In the listing below, find the line containing "Branksome railway station" and the line containing "black ribbed tank". Repeat exactly those two lines and every line between them, nothing more.

• _Data for this task_:
Content starts

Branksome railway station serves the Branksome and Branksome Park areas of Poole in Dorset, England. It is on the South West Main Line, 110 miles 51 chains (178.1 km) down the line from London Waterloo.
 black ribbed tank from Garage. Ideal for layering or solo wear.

Content ends
Content starts

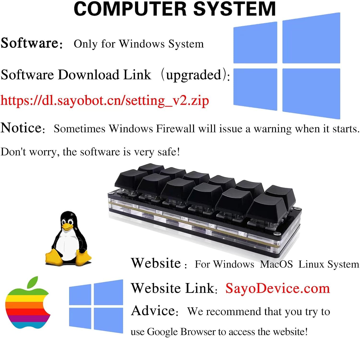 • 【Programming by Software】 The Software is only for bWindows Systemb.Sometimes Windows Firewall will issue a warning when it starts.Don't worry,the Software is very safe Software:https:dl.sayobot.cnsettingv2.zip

Content ends

• _Answer for the task_:
Branksome railway station serves the Branksome and Branksome Park areas of Poole in Dorset, England. It is on the South West Main Line, 110 miles 51 chains (178.1 km) down the line from London Waterloo.
 black ribbed tank from Garage. Ideal for layering or solo wear.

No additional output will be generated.